Problem to work on →
Skip any pictures. Repeat the data exactly, from its first line through the line that holds "T30 - T40 |", both included.

### Given information ###

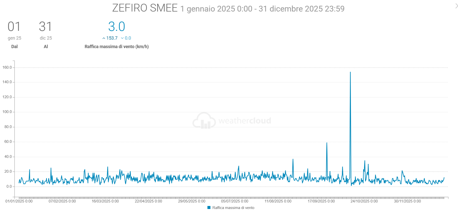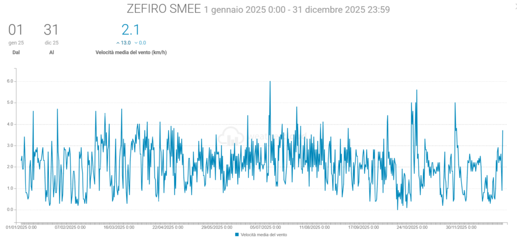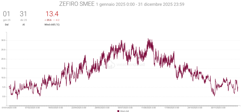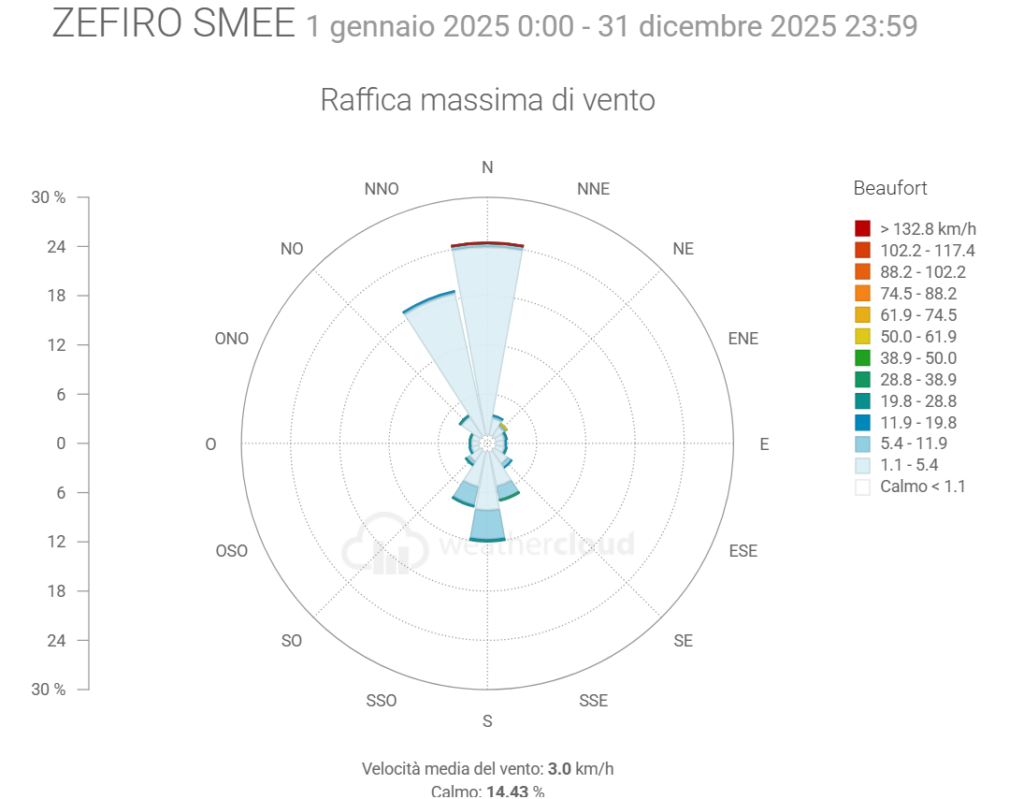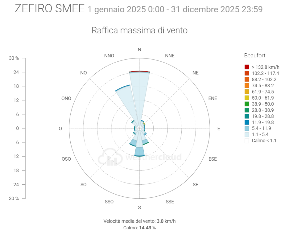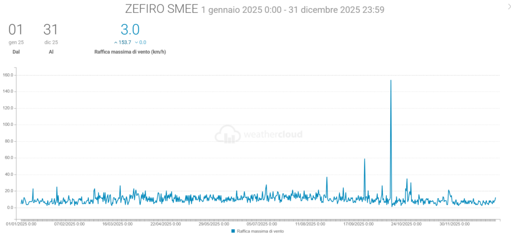 - La Velocità media del vento è scesa di 0,1 km/h mentre la raffica massima è stata di 153,7 km/h (ben oltre quella di 36,7 km/h del 2024)
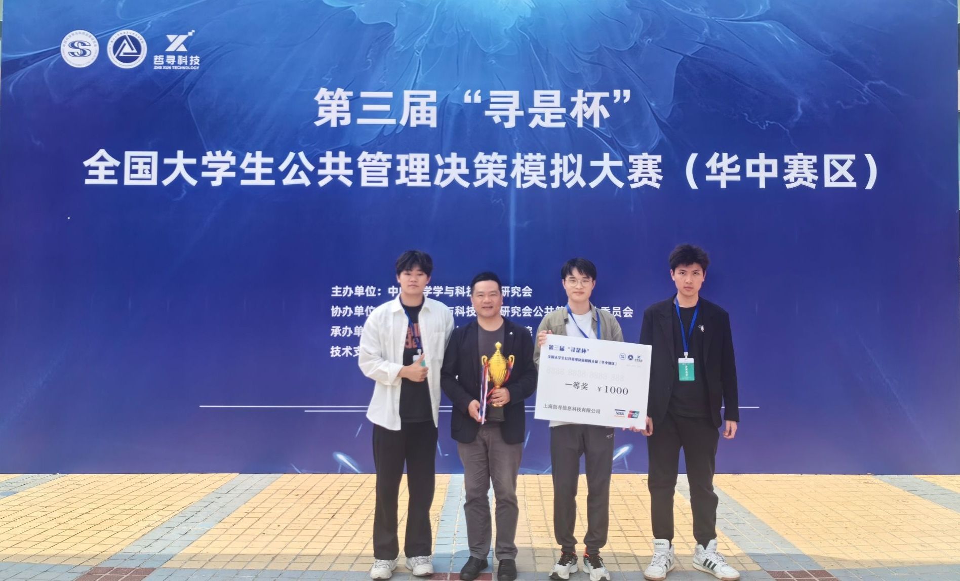 行政管理专业3位本科生组成的团队与华中科技大学、湖南大学、中南大学、郑州大学、武汉理工大学等高水平队伍同台竞技,最终以优异成绩荣获一等奖。行政管理系教师王哲、闫明明荣获“优秀指导教师”称号。
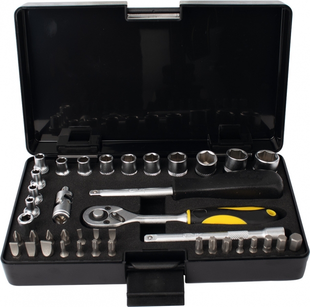 | 22x bit nastavkov 1/4": navadni 3 - 4 - 5 - 6 - 7 - 8 mm, Phillips PH1 - PH2, Pozidriv PZ1 - PZ2, šesterokotni 3 - 4 - 5 - 6 - 8 mm, Torx T10 - T15 - T20 - T25 - T27 - T30 - T40 |
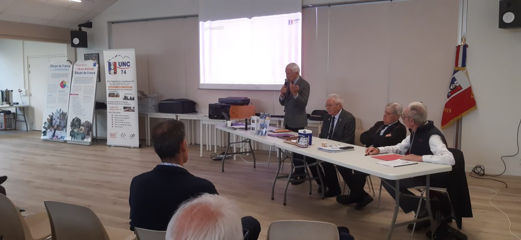 29 associations étaient représentées sur 36, avec 48 participants, soit un taux de présence record ! Le bureau a présenté un point de situation de l’UNC 74, dévoilé son plan d’action pour l’avenir : « garder son rang, combattre les dissolutions, améliorer l’image, fidéliser, recruter, s ’adapter », suivi d’un échange sur plusieurs sujets avec les associations, discussions poursuivies pendant le repas. Les associations absentes sont invitées à s’inscrire à une des trois prochaines réunions de secteur
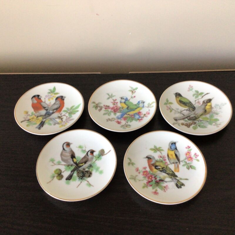 Set of 5 Small Hanging Display Plates Various Bird Breeds Painted Designs #402
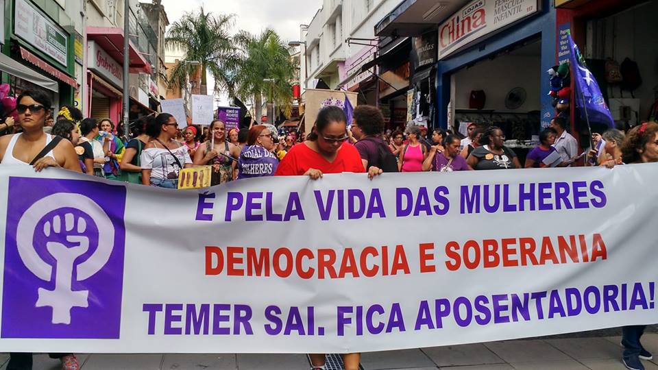 No Brasil, sacudido pelo golpe, experimentamos o assalto aos direitos trabalhistas, a entrega do patrimônio nacional, as muitas arbitrariedades e violências por parte do Estado. Anulando mais de 54 milhões de votos da Primeira Mulher a presidir o Brasil, o ataque se concentrou principalmente contra as mulheres: convém explicitar que o golpe é patriarcal. Nós, mulheres, estamos sendo as mais prejudicadas. Por isso, todos os dias, em algum lugar do Brasil, mulheres têm se manifestado denunciando o desmonte da Constituição e a geração de milhões de desempregadas/os.
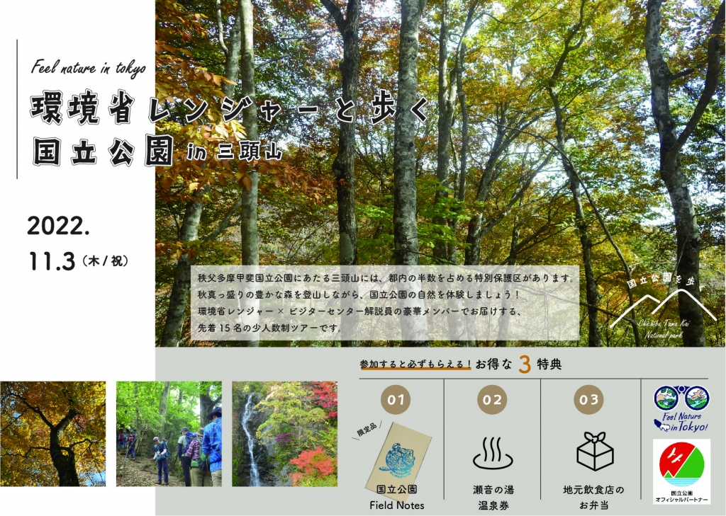1.イベント名「11月3日 環境省レンジャーと歩く、国立公園in三頭山」
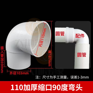 110加厚缩口90度弯头【66个/箱】
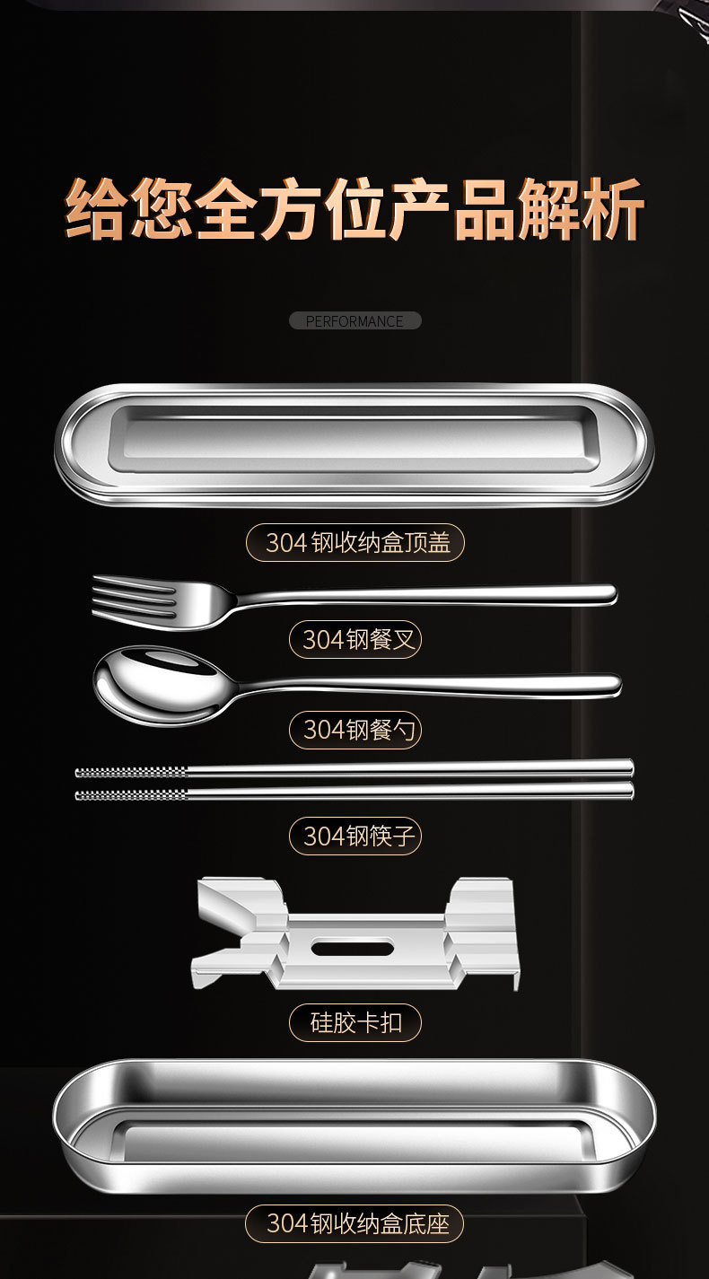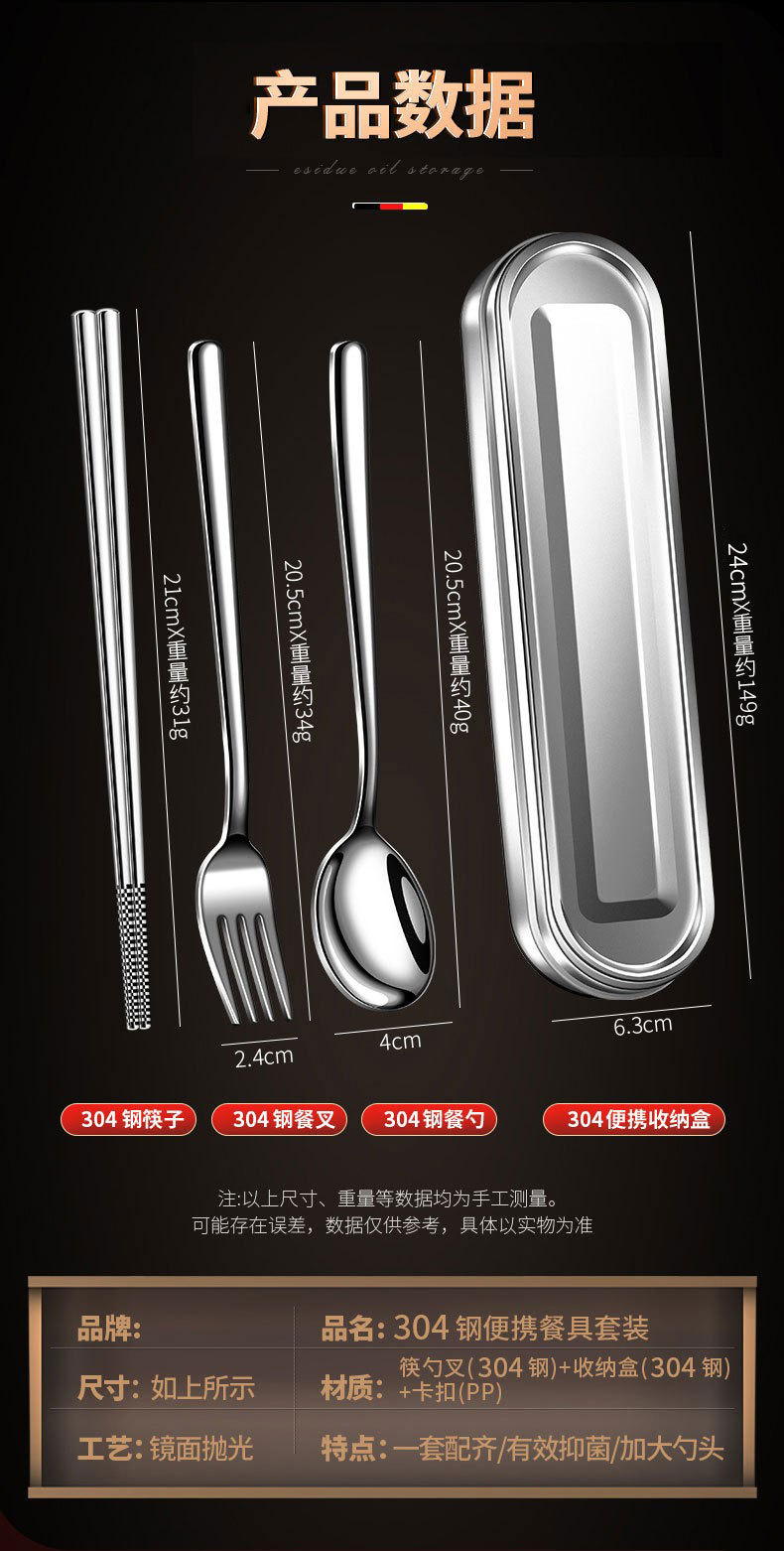 Материал Chopsticks spoon fork (304 steel) storage box (304 steel) buckle (PP)
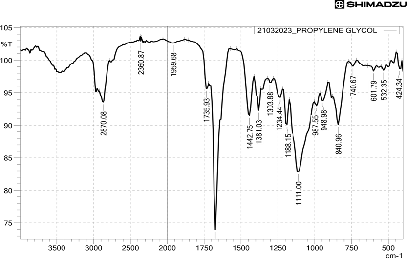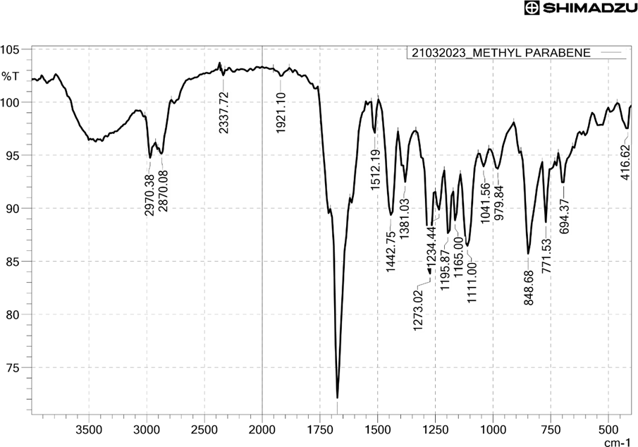 To investigate the compatibility of drugs and excipients for integration into emulgel. The FTIR spectra of pure drugs and drug-excipients combinations were between 4000-400 cm−1. No more peaks belonging to functional groupings were found. There were no significant differences between the IR peaks of lemongrass oil and lemongrass oil-excipients mixes, indicating that the medicine is stable in the presence of all excipients.
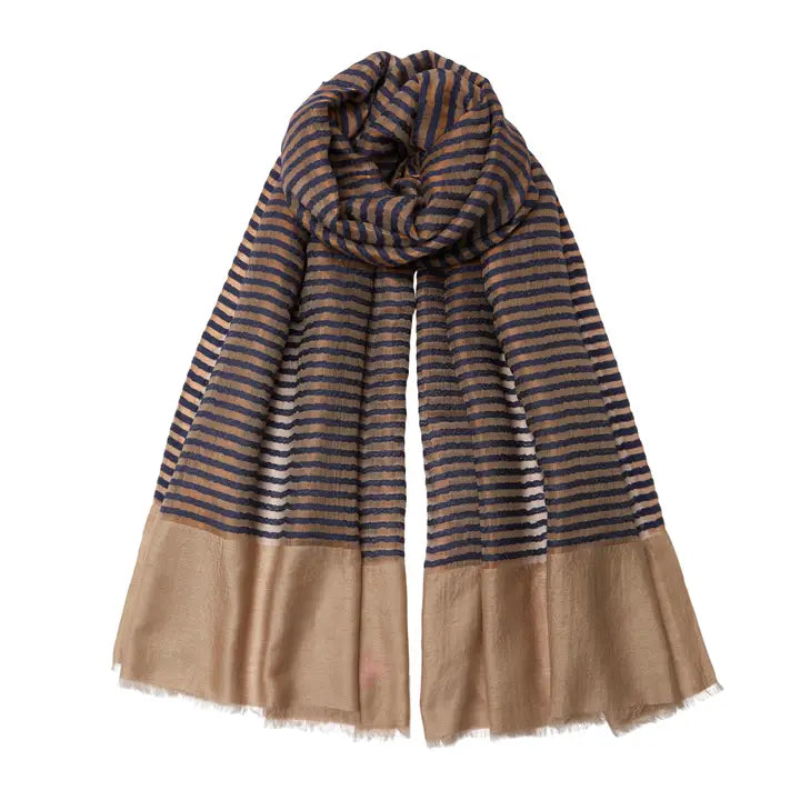 Somerville Lurex Stripe Navy and Gold Pashmina
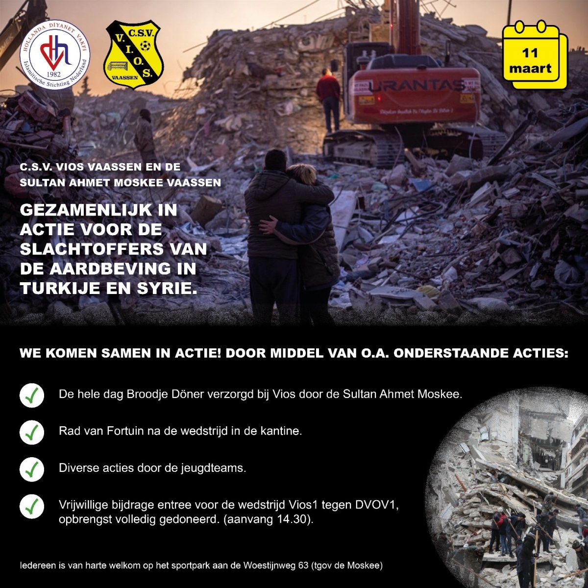 Op de accommodatie van Vios aan de woestijnweg 63 (tegenover de Moskee), worden verschillende acties georganiseerd om een mooie bedrag bijeen te brengen. De Islamitische stichting Nederland zorgt dat de volledige opbrengst ten goede komt aan de hulp voor de slachtoffers.
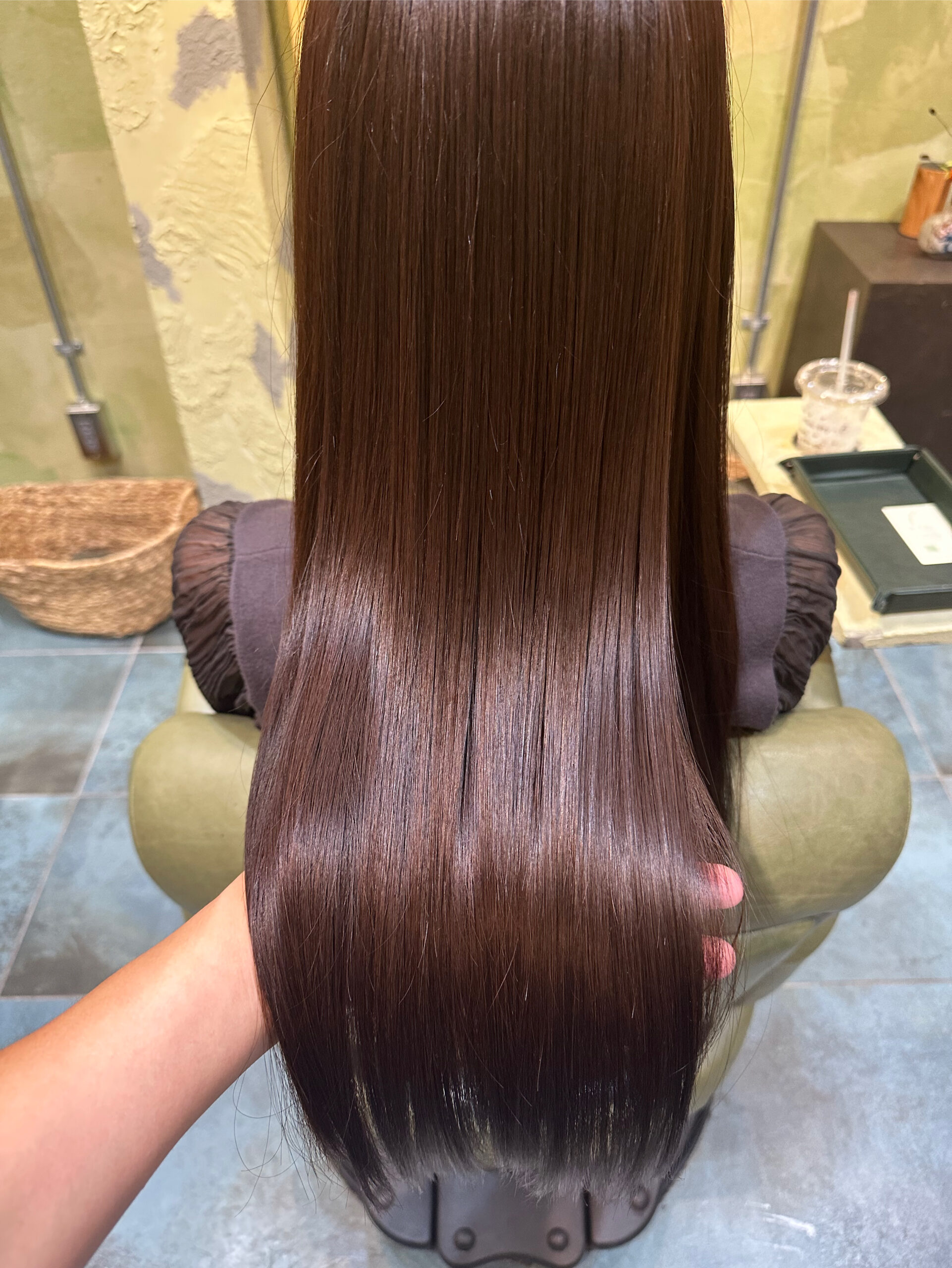 根元から中間のダメージが少ない所は当たり前に艶々になるのですが、毛先のダメージが強く出てパサつく箇所も艶々になります!
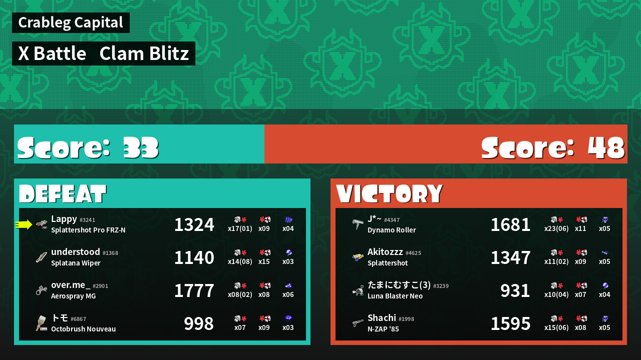 | Mode | Clam Blitz - X Battle |
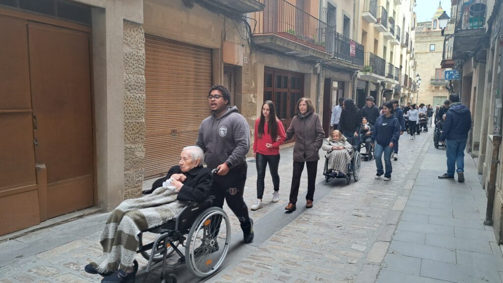 Per sant Isidre des de la matèria APS, on desenvolupem activitats complexes que integren el servei a la comunitat amb aprenentatge de continguts, competències, habilitats o valors i des de l’assignatura de religió vam realitzar l’activitat de passejar els avis i àvies pels indrets de Cervera on hi havia activitats de Sant Isidre. Toc de campanes a la plaça Major, passeig Balmes on hi havia els tractors aparcats i carretes guarnides.

###

Completed exercise →
 - La Velocità media del vento è scesa di 0,1 km/h mentre la raffica massima è stata di 153,7 km/h (ben oltre quella di 36,7 km/h del 2024)
 行政管理专业3位本科生组成的团队与华中科技大学、湖南大学、中南大学、郑州大学、武汉理工大学等高水平队伍同台竞技,最终以优异成绩荣获一等奖。行政管理系教师王哲、闫明明荣获“优秀指导教师”称号。
 | 22x bit nastavkov 1/4": navadni 3 - 4 - 5 - 6 - 7 - 8 mm, Phillips PH1 - PH2, Pozidriv PZ1 - PZ2, šesterokotni 3 - 4 - 5 - 6 - 8 mm, Torx T10 - T15 - T20 - T25 - T27 - T30 - T40 |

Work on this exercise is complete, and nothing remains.